> What is needed:
Below is a listing with pictures in it; transcribe exactly the lines from the one that has "Dobrý den, výsledky" through the one that has "with vine motifs", and omit those pictures.

> Information provided:
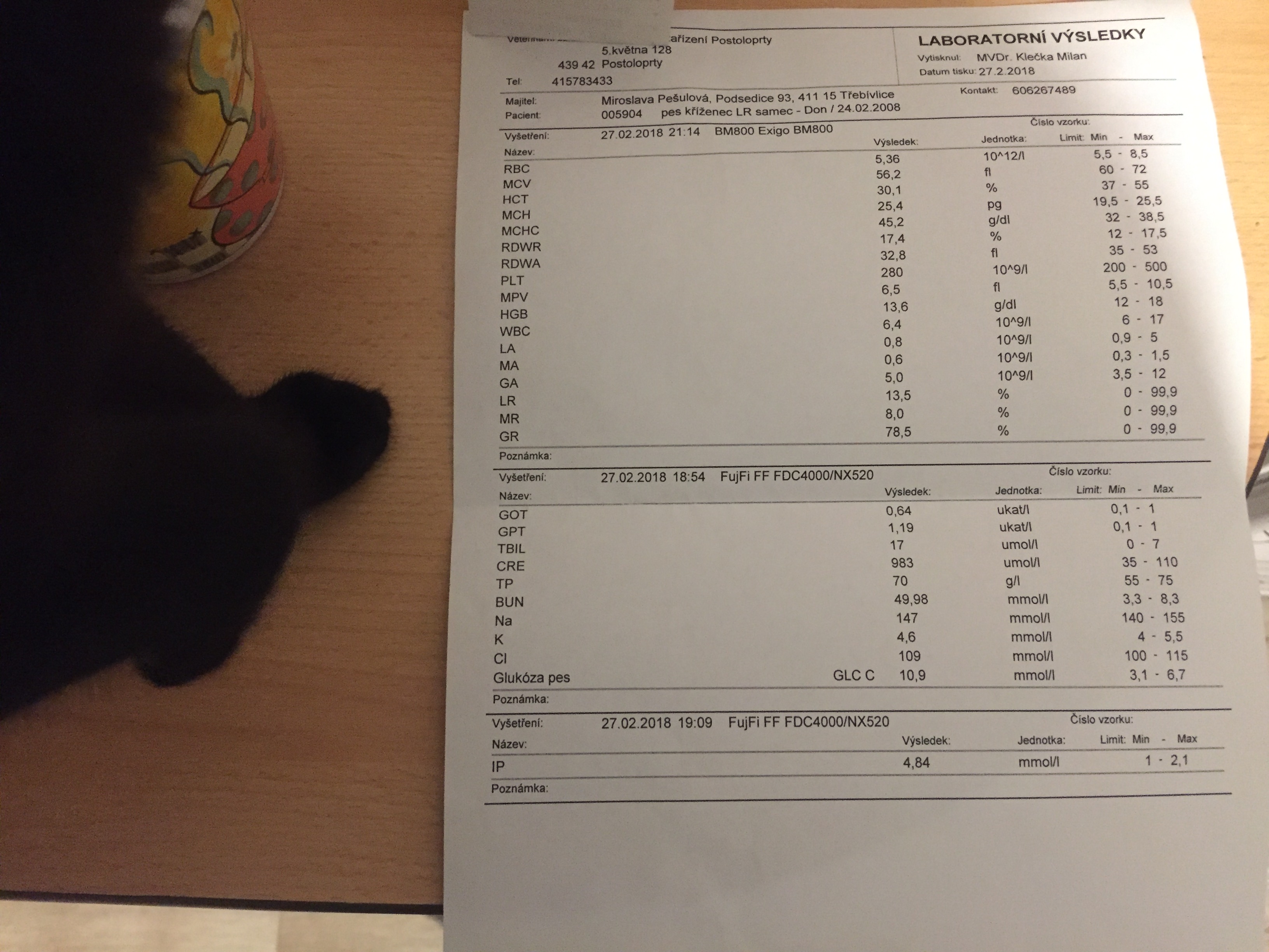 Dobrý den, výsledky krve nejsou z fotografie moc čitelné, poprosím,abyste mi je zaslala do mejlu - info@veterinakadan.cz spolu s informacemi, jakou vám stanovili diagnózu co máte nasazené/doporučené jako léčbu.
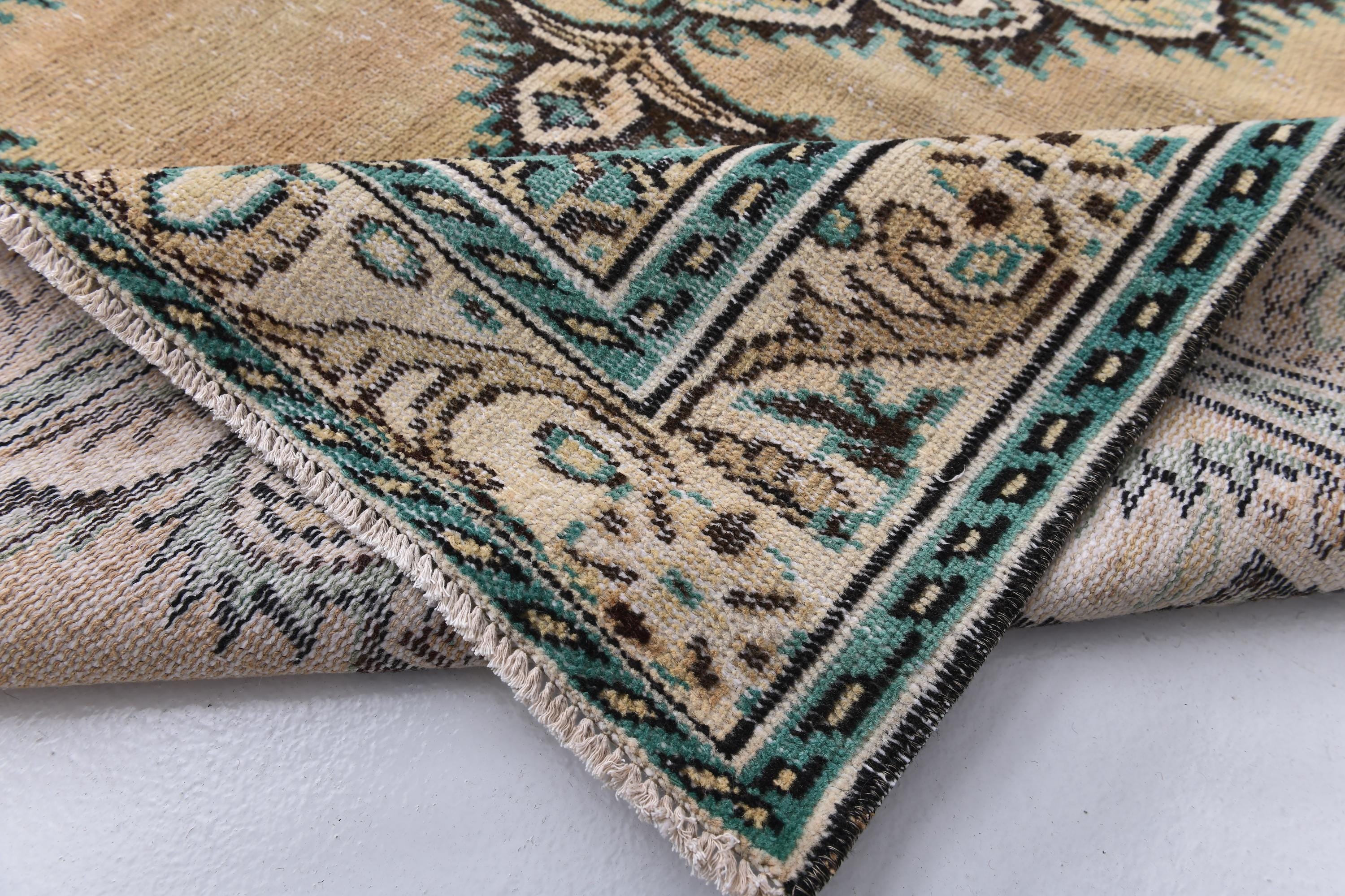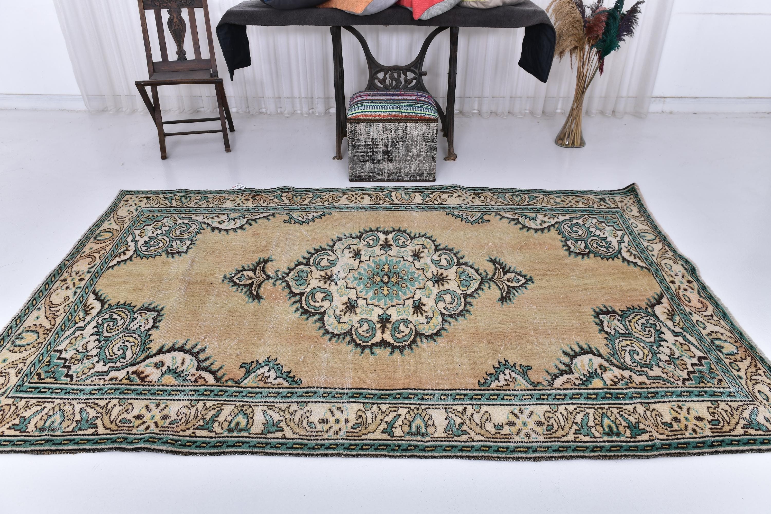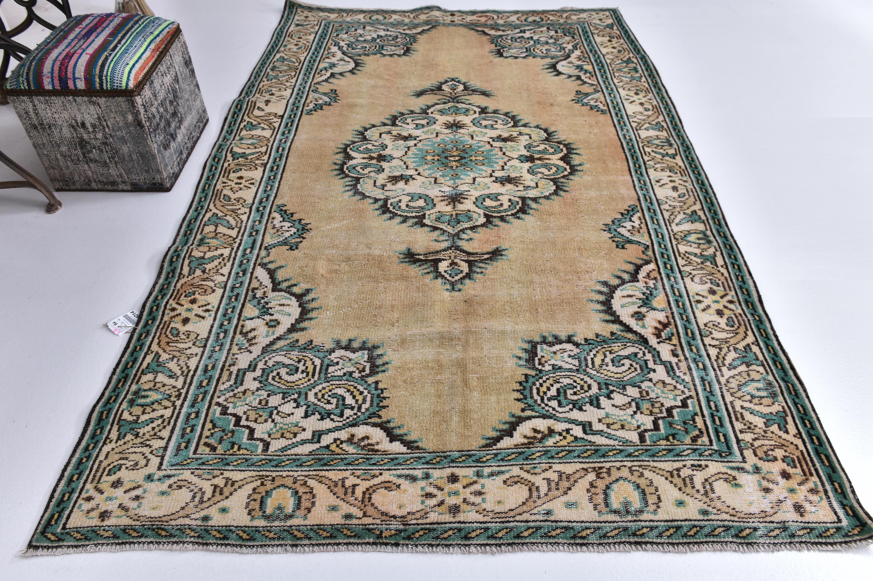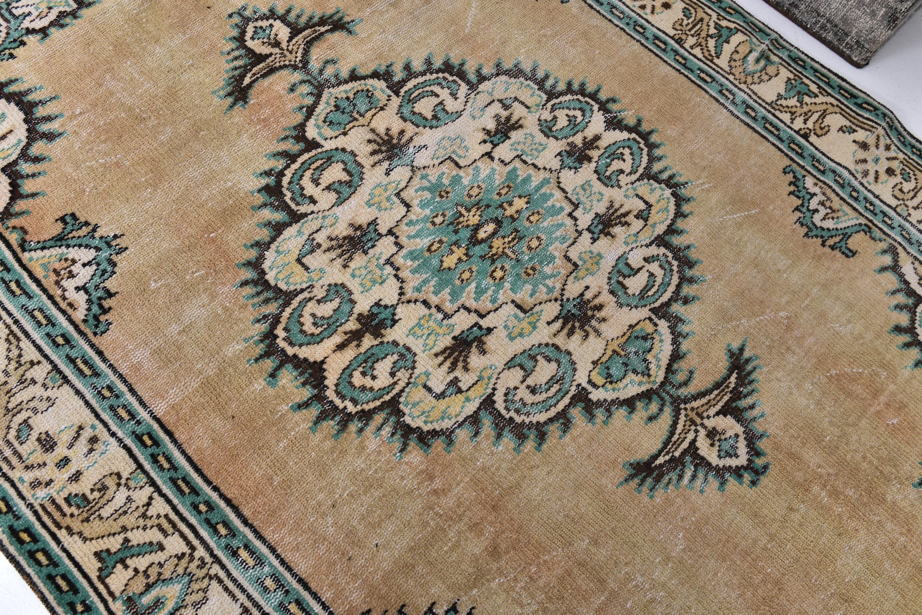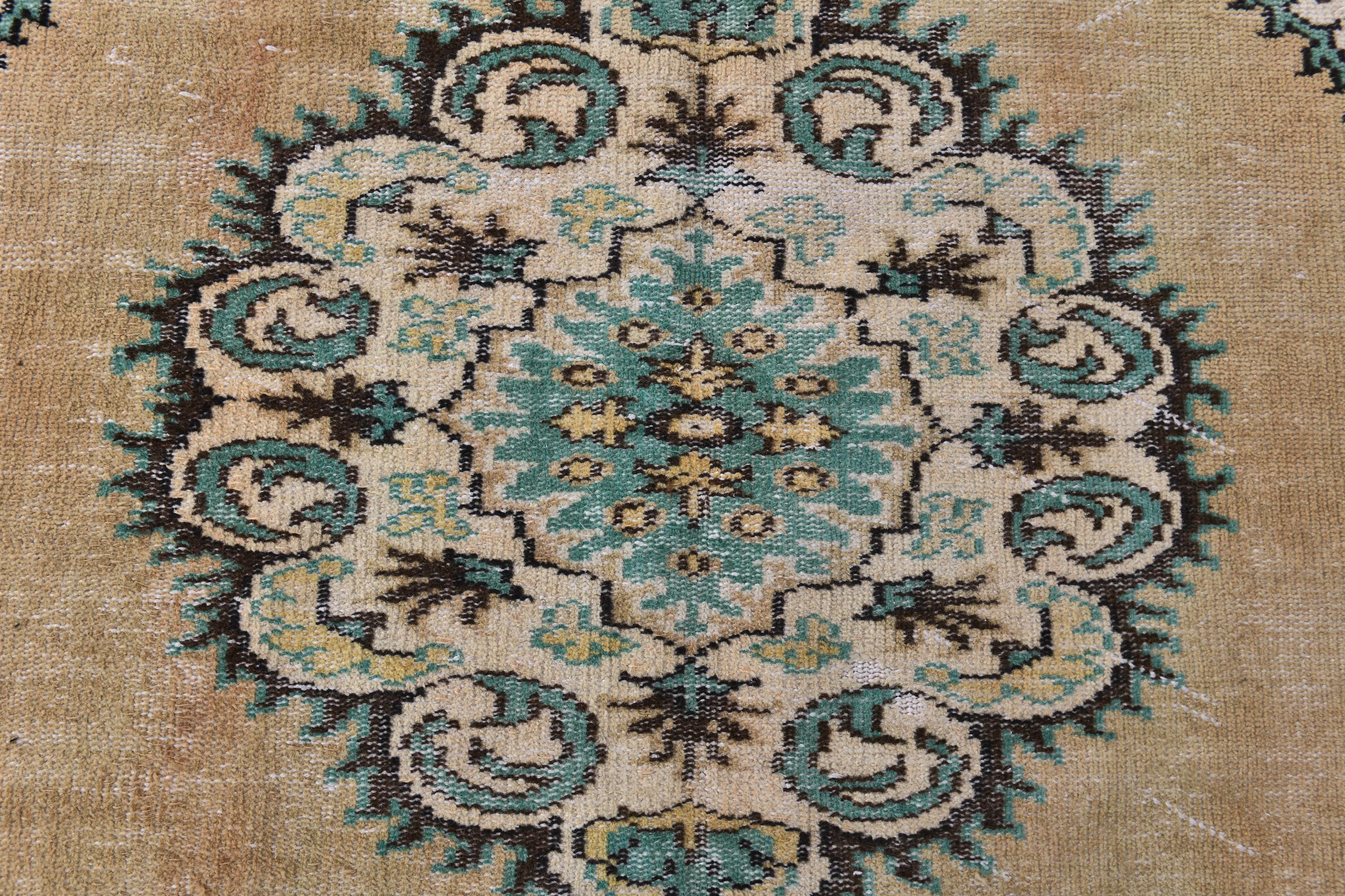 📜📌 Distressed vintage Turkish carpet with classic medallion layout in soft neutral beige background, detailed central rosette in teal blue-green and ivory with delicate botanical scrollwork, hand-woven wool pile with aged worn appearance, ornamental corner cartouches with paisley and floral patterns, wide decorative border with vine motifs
* * *
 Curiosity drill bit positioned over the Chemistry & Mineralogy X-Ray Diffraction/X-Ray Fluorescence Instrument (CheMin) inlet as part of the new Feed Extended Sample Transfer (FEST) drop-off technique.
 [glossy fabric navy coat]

> Result of this task:
 Dobrý den, výsledky krve nejsou z fotografie moc čitelné, poprosím,abyste mi je zaslala do mejlu - info@veterinakadan.cz spolu s informacemi, jakou vám stanovili diagnózu co máte nasazené/doporučené jako léčbu.
 📜📌 Distressed vintage Turkish carpet with classic medallion layout in soft neutral beige background, detailed central rosette in teal blue-green and ivory with delicate botanical scrollwork, hand-woven wool pile with aged worn appearance, ornamental corner cartouches with paisley and floral patterns, wide decorative border with vine motifs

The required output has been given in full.